Set down, exactly as they stand, the lines from the one containing "- Haiti has" through the last line of the records below, leaving every picture out.

--------------------------------

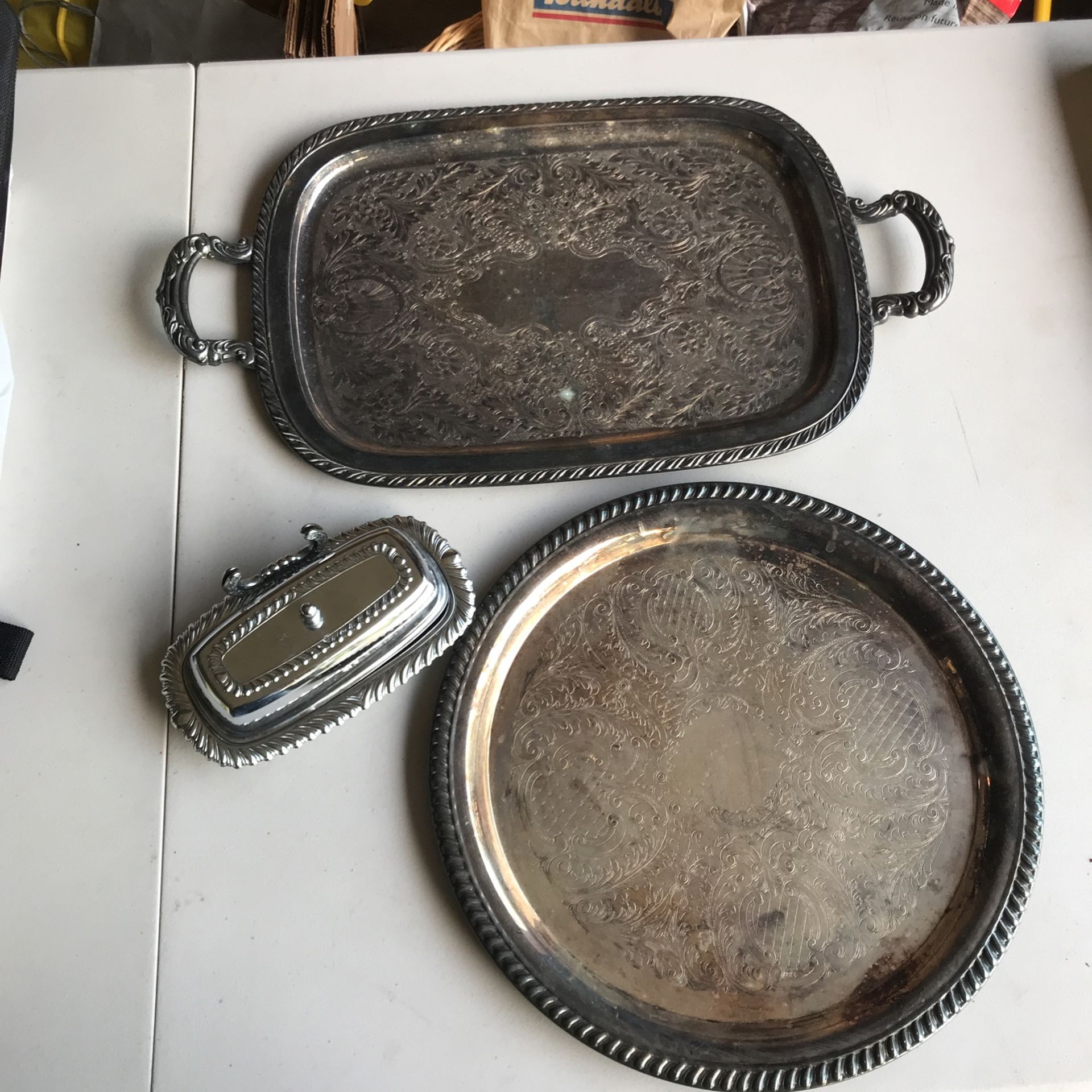 2 Silver Trays, 1 Butter Dish
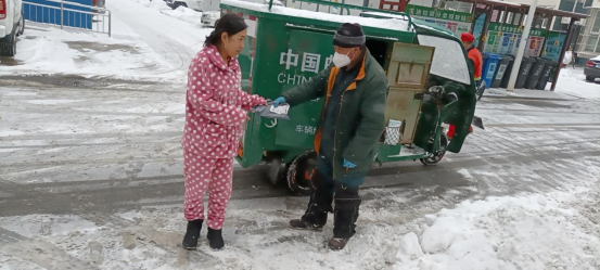 在康莊支局,投遞員將包裹遞給用戶并說道:“能及時把包裹送到您的手中是我們雪天投遞的最大心愿?!?/p>
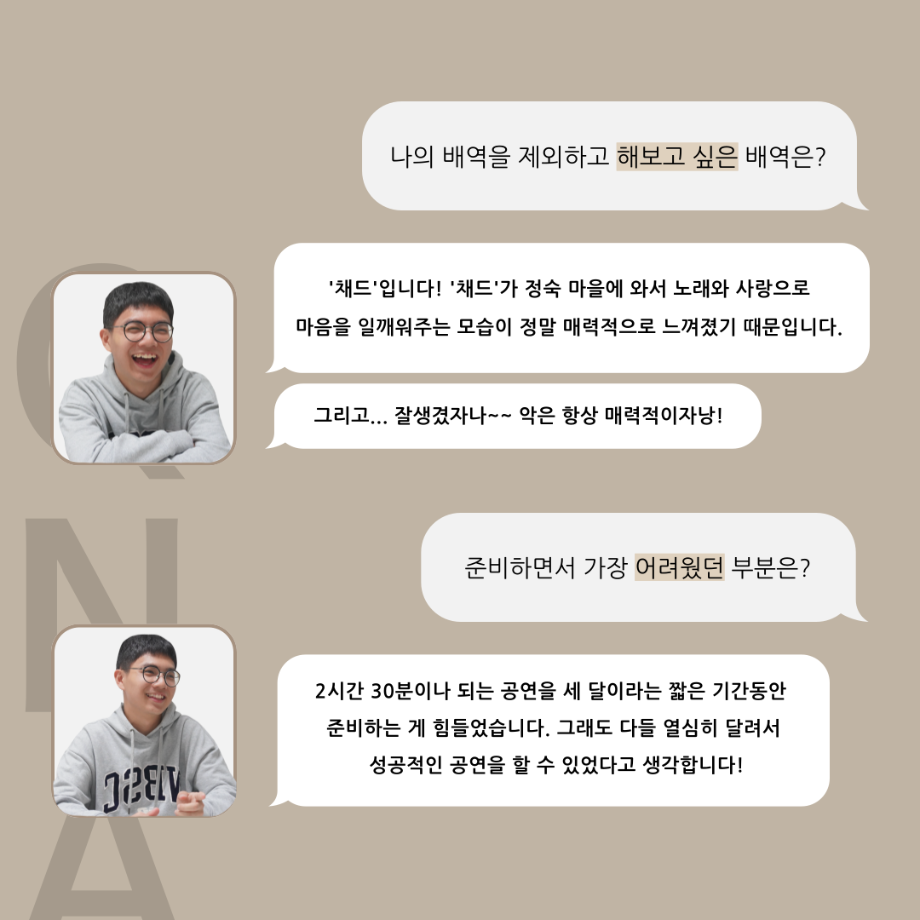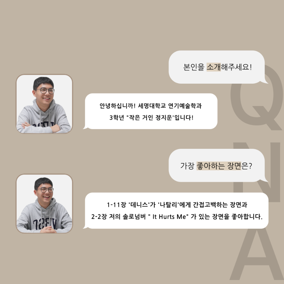 본문 시작 홈으로 커뮤니티 학과소개 입학정보 교수소개 학과과정 커뮤니티 공연예매 안내 홈페이지가이드 포토갤러리 공지사항 포토갤러리 작품DB 동아리 학사일정 학생회 포토갤러리 페이스북 트위터 프린트 ‘품’ 위 있는 인 ‘터뷰’ - 뮤지컬 제작실습 <올슉업> 데니스정지운 카드 뉴스 연기예술학과 2889 2025-01-17 . 목록 이전‘품’ 위 있는 인 ‘터뷰’ - 뮤지컬 제작실습 <올슉업> 나탈리 안수연 카드 뉴스 다음 2024학년도 공연영상학과 (현 연기예술학과) 학과수여식 담당부서 : 연기예술학과 담당자 : - 연락처 : 043-649-1733 최종수정일 : 2024-10-26 만족도조사 만족도 조사 이 페이지에서 제공하는 정보에 대하여 만족하시나요? 매우만족 만족 보통 불만족 매우불만족
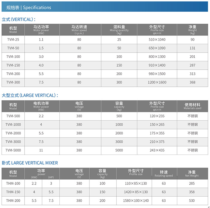 TVM 系列立式混合机为粉末、颗粒状物料混合机 , 具有结构简单 , 容易操作 , 维护清洗方便 , 速度快 , 混合效果佳等特点。
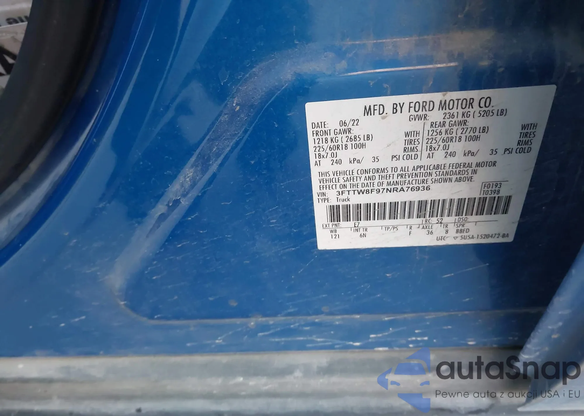 LOT: 44184572 VIN: 3FTTW8F97NRA76936
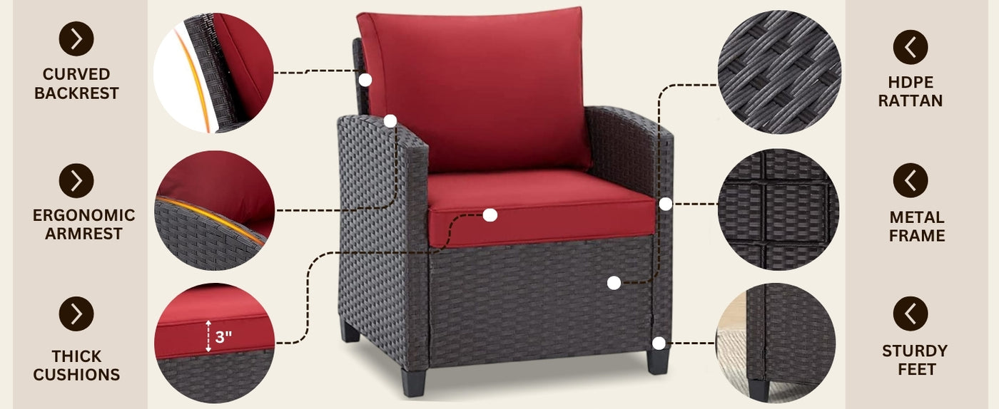 • Comfortable Cushioned Seating : Plush, high-density foam cushions with removable, washable covers deliver soft support and easy maintenance for outdoor relaxation.
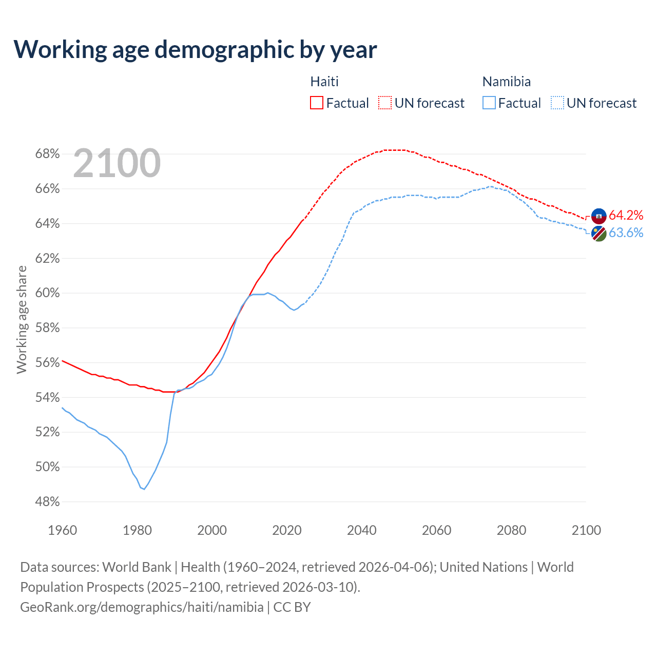 - Haiti has 7.74M working age adults (aged 15-64) vs 1.88M in Namibia.
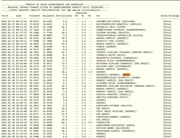 İŞTE BURSA'DAKİ SON DEPREMLERİN LİSTESİ... (31 Ocak 2025)

--------------------------------

ANSWER SPACE:
 - Haiti has 7.74M working age adults (aged 15-64) vs 1.88M in Namibia.
 İŞTE BURSA'DAKİ SON DEPREMLERİN LİSTESİ... (31 Ocak 2025)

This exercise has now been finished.